■ Task goal: Would you retype exactly the lines below, starting with the one that has "Defibrylatory dla walczących" and going on through the one that has "ο στόχος φαντάζει", with no pictures and nothing else?

[[ Excerpted data open ]]

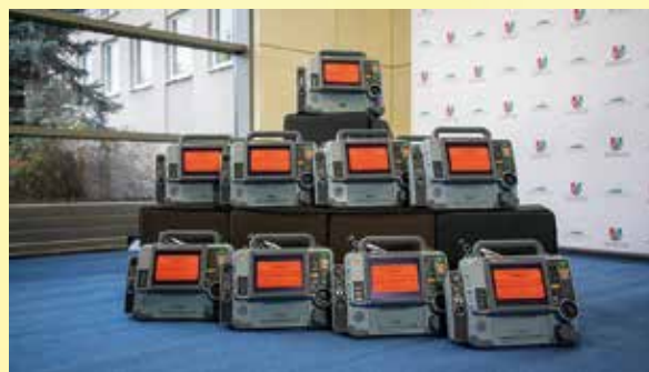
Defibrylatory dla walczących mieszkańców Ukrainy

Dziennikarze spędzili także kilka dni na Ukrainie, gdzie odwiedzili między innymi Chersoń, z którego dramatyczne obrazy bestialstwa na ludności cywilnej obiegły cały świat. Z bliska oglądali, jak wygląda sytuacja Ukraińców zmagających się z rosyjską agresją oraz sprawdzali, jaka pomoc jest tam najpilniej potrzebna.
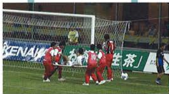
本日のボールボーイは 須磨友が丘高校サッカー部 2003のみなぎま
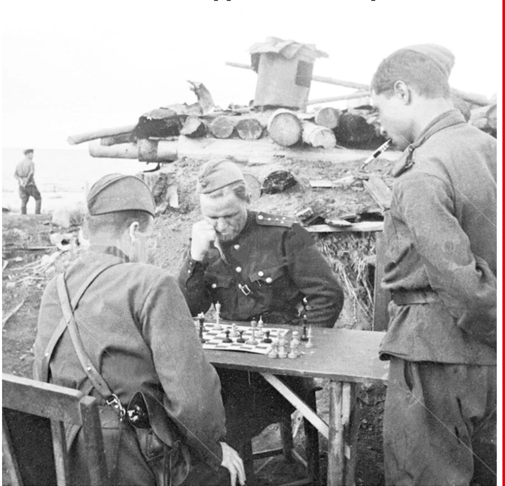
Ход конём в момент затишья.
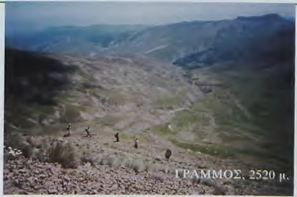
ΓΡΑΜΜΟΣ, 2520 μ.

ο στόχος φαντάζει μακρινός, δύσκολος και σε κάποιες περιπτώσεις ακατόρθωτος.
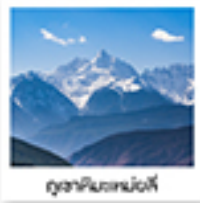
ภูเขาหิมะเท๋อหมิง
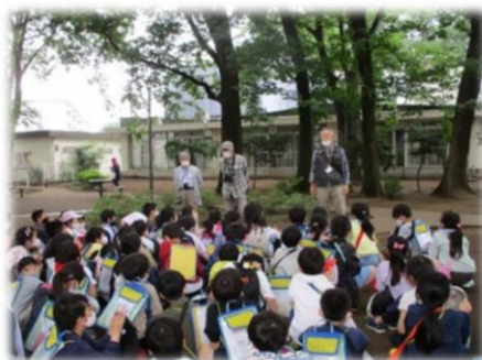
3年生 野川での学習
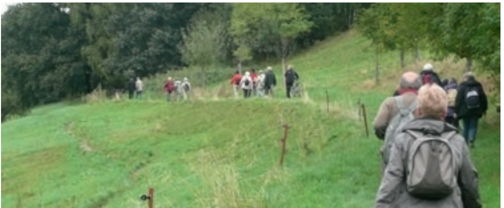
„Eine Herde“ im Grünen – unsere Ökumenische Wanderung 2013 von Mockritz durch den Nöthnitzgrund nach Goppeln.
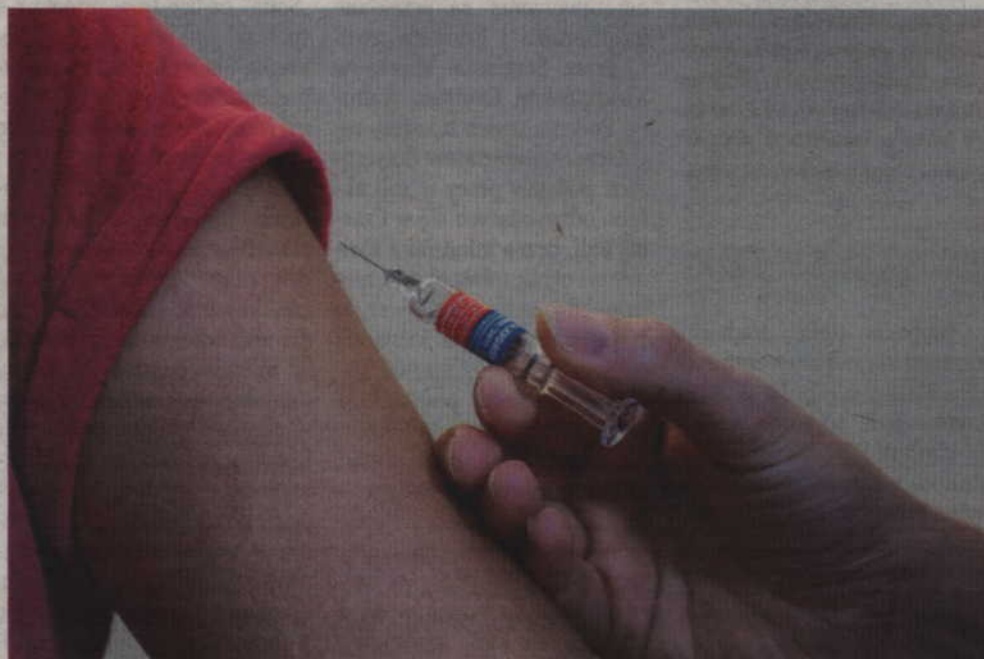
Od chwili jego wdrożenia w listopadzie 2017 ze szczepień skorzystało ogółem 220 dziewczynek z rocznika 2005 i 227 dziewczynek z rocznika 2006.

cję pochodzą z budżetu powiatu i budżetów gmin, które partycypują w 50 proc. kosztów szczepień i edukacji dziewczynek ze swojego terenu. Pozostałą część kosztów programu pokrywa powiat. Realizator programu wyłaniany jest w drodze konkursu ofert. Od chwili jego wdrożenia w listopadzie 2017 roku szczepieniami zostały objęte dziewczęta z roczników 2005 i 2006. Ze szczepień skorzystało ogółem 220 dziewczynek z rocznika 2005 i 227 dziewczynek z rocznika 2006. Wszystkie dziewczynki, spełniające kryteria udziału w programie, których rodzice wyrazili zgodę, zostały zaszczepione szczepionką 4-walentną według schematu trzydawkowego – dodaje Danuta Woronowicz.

[[ Excerpted data closed ]]
[[ Excerpted data open ]]

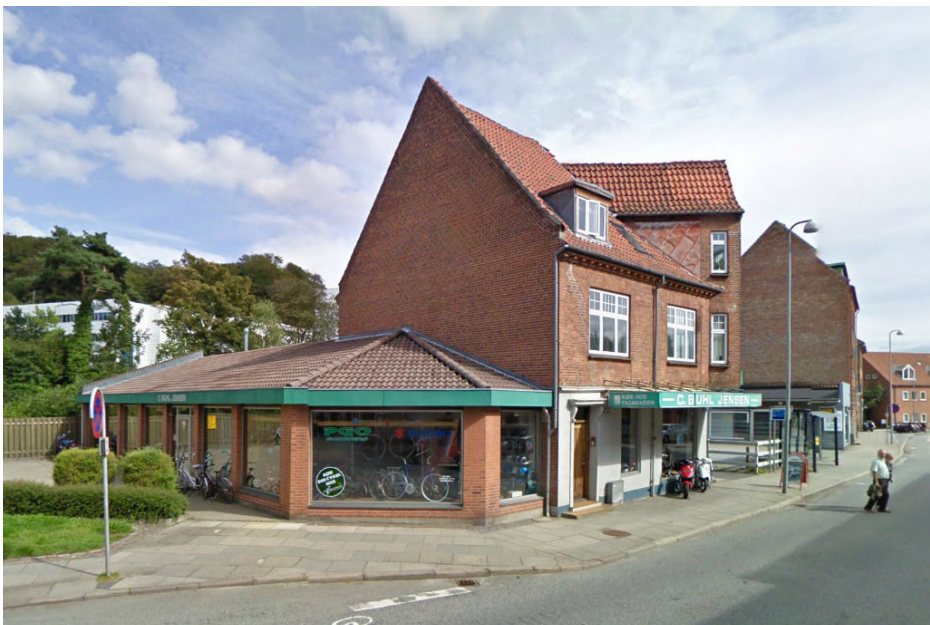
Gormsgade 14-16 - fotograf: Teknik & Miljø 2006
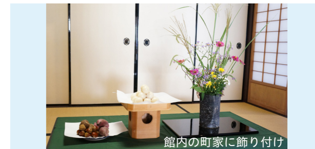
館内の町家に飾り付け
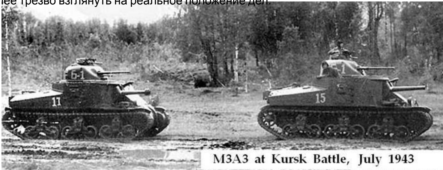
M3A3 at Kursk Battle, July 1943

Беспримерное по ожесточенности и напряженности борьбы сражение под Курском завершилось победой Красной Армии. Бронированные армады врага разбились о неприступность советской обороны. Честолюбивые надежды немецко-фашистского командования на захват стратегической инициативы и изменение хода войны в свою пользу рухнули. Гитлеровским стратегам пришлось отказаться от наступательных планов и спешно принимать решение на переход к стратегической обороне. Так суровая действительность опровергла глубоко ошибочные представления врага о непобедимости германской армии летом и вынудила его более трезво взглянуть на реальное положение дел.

[[ Excerpted data closed ]]

■ Solution to the exercise:
Defibrylatory dla walczących mieszkańców Ukrainy

Dziennikarze spędzili także kilka dni na Ukrainie, gdzie odwiedzili między innymi Chersoń, z którego dramatyczne obrazy bestialstwa na ludności cywilnej obiegły cały świat. Z bliska oglądali, jak wygląda sytuacja Ukraińców zmagających się z rosyjską agresją oraz sprawdzali, jaka pomoc jest tam najpilniej potrzebna.
本日のボールボーイは 須磨友が丘高校サッカー部 2003のみなぎま
Ход конём в момент затишья.
ΓΡΑΜΜΟΣ, 2520 μ.

ο στόχος φαντάζει μακρινός, δύσκολος και σε κάποιες περιπτώσεις ακατόρθωτος.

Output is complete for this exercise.